(Input data)
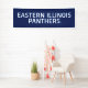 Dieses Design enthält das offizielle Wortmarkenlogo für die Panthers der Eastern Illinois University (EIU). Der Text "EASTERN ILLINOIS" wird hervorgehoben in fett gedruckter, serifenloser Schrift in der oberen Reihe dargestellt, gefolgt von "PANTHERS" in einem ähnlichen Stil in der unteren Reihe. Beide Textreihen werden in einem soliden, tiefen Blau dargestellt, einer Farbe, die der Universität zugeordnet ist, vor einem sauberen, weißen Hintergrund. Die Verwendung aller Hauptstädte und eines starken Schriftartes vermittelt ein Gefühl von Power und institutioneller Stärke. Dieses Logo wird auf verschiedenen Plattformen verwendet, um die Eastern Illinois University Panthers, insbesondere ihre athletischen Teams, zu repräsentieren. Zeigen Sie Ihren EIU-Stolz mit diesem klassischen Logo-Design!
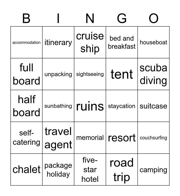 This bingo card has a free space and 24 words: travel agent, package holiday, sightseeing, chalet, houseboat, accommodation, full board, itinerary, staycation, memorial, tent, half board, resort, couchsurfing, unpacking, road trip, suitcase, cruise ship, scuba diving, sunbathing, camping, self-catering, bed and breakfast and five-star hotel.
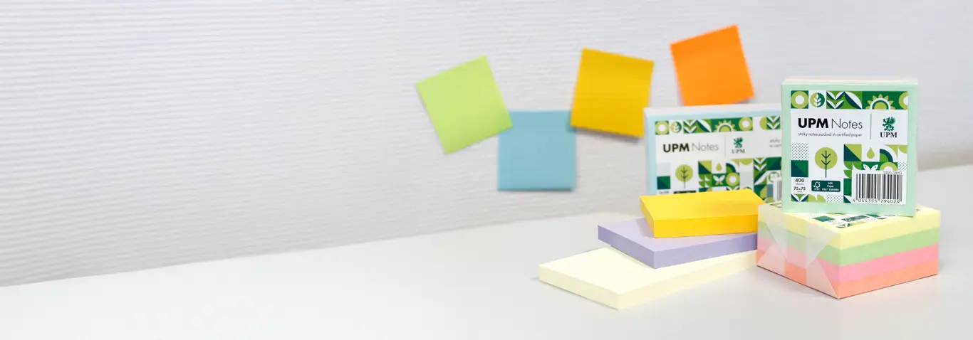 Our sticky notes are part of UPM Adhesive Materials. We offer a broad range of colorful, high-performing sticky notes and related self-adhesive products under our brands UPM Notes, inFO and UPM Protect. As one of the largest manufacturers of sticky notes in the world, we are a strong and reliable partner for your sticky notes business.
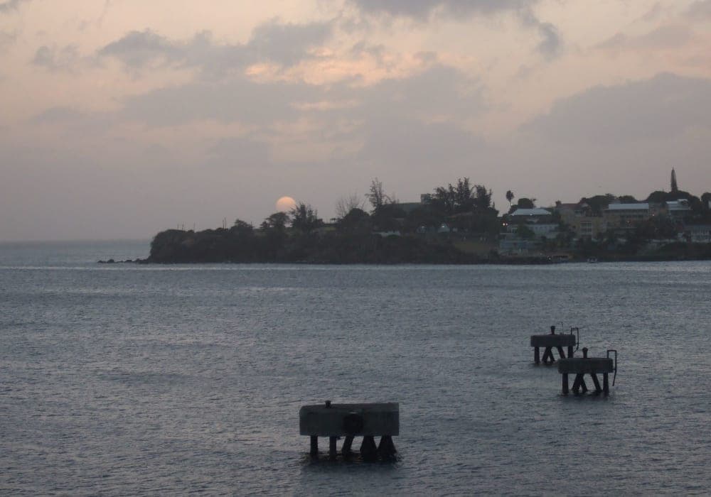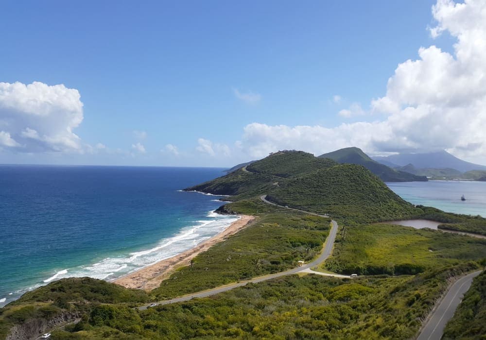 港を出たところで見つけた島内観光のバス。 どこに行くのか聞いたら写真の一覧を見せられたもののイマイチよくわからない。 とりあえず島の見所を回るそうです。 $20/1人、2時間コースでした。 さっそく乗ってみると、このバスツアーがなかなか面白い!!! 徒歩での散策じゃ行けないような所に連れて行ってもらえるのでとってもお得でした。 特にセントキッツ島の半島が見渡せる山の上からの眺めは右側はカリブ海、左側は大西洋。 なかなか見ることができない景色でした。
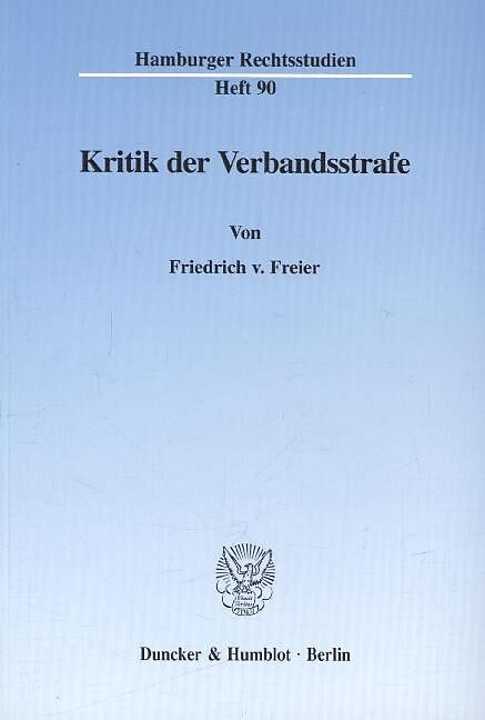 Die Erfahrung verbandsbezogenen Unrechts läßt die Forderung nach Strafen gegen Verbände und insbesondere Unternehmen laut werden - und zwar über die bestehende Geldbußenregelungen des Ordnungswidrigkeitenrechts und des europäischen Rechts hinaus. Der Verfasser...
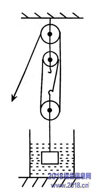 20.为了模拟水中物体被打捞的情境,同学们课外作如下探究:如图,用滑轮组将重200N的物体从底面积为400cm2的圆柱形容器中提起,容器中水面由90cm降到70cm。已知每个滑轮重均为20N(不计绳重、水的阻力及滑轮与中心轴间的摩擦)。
(End Input data)
• [What you need to do]: What should come back is an exact copy of the lines above from the line with "This bingo card" to the line with "Our sticky notes are", both included, minus the pictures.

• [Result for this task]:
 This bingo card has a free space and 24 words: travel agent, package holiday, sightseeing, chalet, houseboat, accommodation, full board, itinerary, staycation, memorial, tent, half board, resort, couchsurfing, unpacking, road trip, suitcase, cruise ship, scuba diving, sunbathing, camping, self-catering, bed and breakfast and five-star hotel.
 Our sticky notes are part of UPM Adhesive Materials. We offer a broad range of colorful, high-performing sticky notes and related self-adhesive products under our brands UPM Notes, inFO and UPM Protect. As one of the largest manufacturers of sticky notes in the world, we are a strong and reliable partner for your sticky notes business.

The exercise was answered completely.